Third, you have a logic error within verify, as it unconditionally calls tree_min or tree_max and itself on it's child nodes, even if one or both of them are None. I suggest making all the functions handle being passed None, rather than relying on the caller to do the right thing. This also simplifies the min and max code a bit!
Lastly, you're doing your comparisons on node.value, which is the string you're giving each node. I suspect you want to be comparing using node.key instead. Comparing a float (like float("-inf")) to a string (like "ten") is an error in Python 3, and even in Python 2 where it is legal, it probably doesn't work like you would expect.
With those issues fixed, I get expected results when I create valid and invalid trees. Your two examples are both invalid though, so if you were using them to test, you will always get a False result.

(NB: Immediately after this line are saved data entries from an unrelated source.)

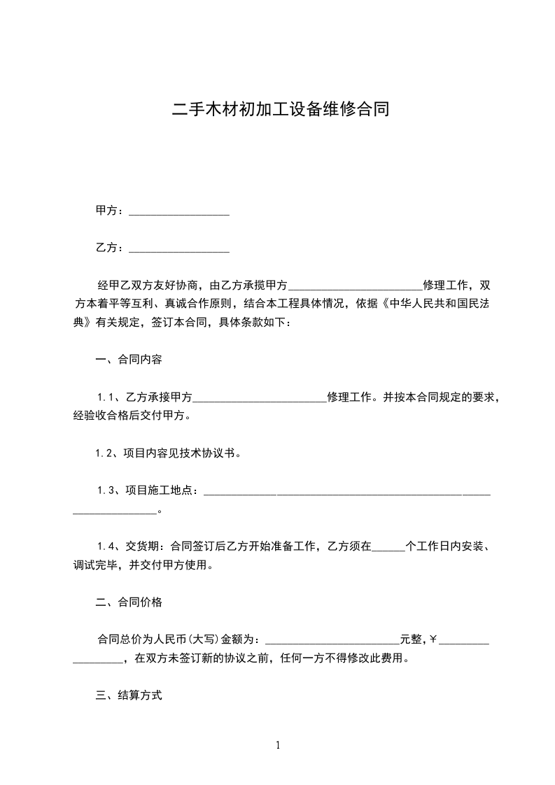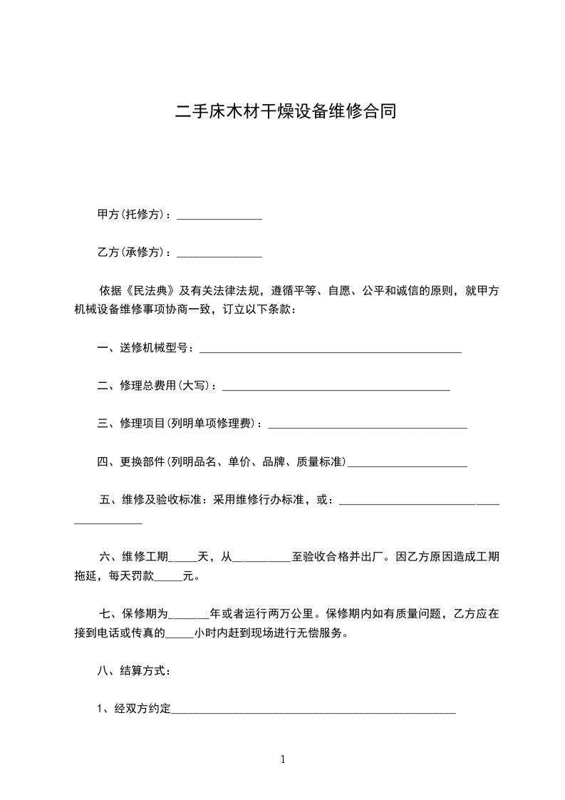 合计(大写)__________________________________元经甲、乙双方协商同意。乙方特委托甲乙维修保养机器。为保证甲乙双方权益,特订立如下协议: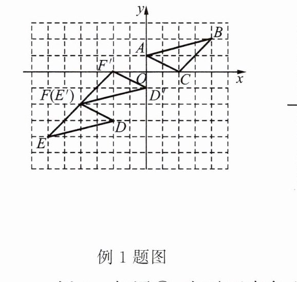 例1 如图,在平面直角坐标系中,将$ \triangle DEF $先向上平移2个单位长度,再向右平移2个单位长度得$ \triangle D'E'F' $,则$ \triangle D'E'F' 和 \triangle ABC $关于原点对称吗?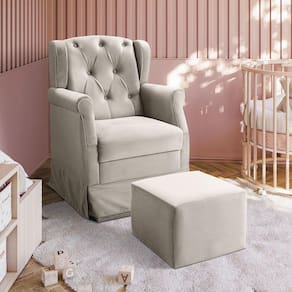 A poltrona amamentação proporciona todo o conforto e aconchego que a família precisa nesta fase tão especial, e encanta pelo seu estilo sofisticado. Feita com matéria-prima de alta qualidade a poltrona possui estofado revestido por tecido de toque suave que proporciona aconchego para os momentos de amamentação. O puff quadrado traz conforto e beleza para a rotina da mamãe, e ajuda no descanso para pernas e pés tornando o momento ainda mais confortável. A poltrona possui um balanço suave em sua base, e um encosto alto com espuma de excelente densidade e estrutura sólida de madeira.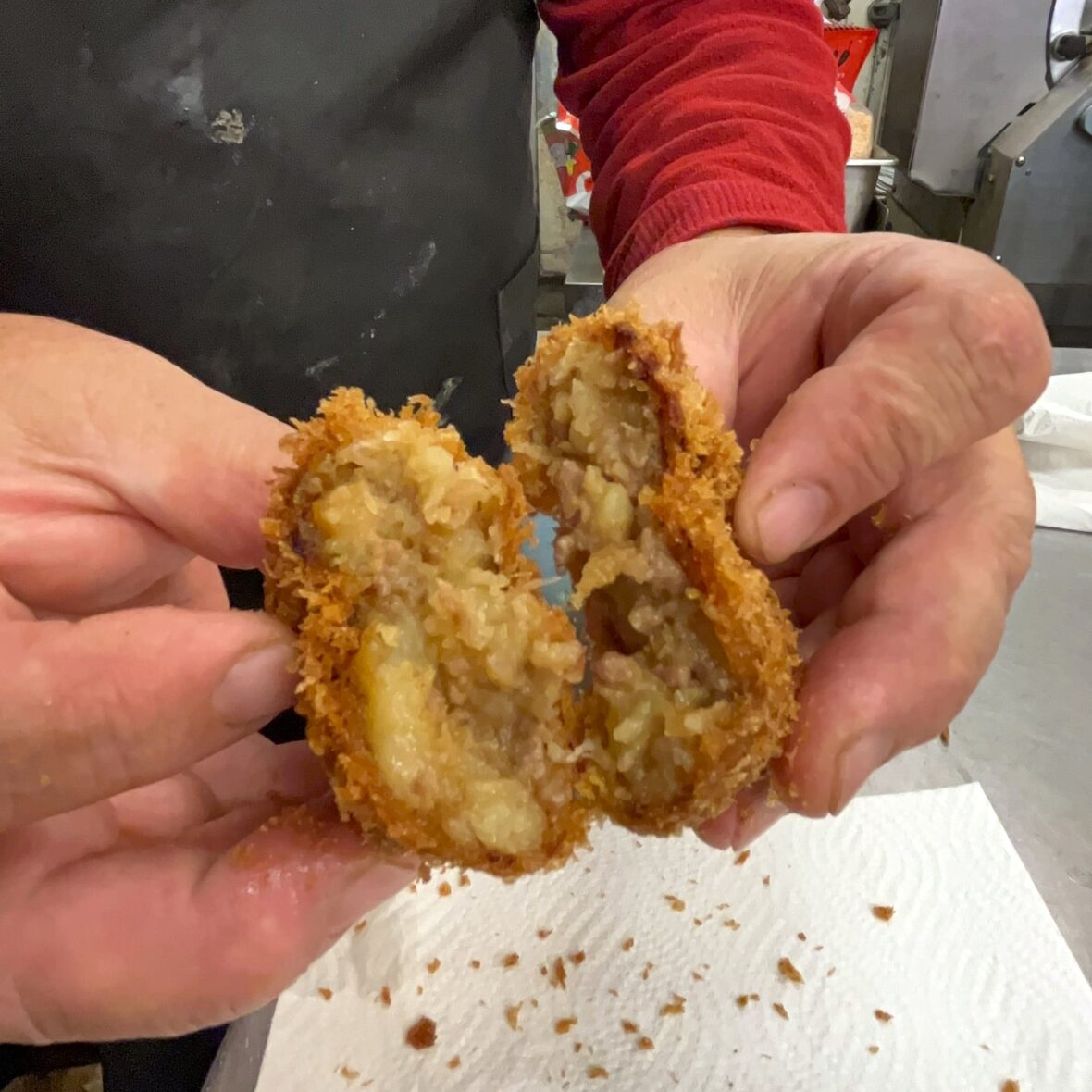 多い日には300個も売れるという牛肉コロッケは、5分ほどかけてじっくりと揚げるため、衣は驚くほどサクサク!ホクホクのじゃがいもと、牛肉・玉ねぎの甘味が口いっぱいに広がります。揚げたての熱々を頬張れば、誰もが笑顔になること間違いなし!

Finally, a couple of minor style issues (that aren't bugs, but still things that could be improved). Python supports chained comparisons, so you can simplify your first if statement in verify to tree_max(node.left) <= node.key <= tree_min(node.right). You can further simplify that part of the code by connecting the checks with and rather than nesting an additional if statement.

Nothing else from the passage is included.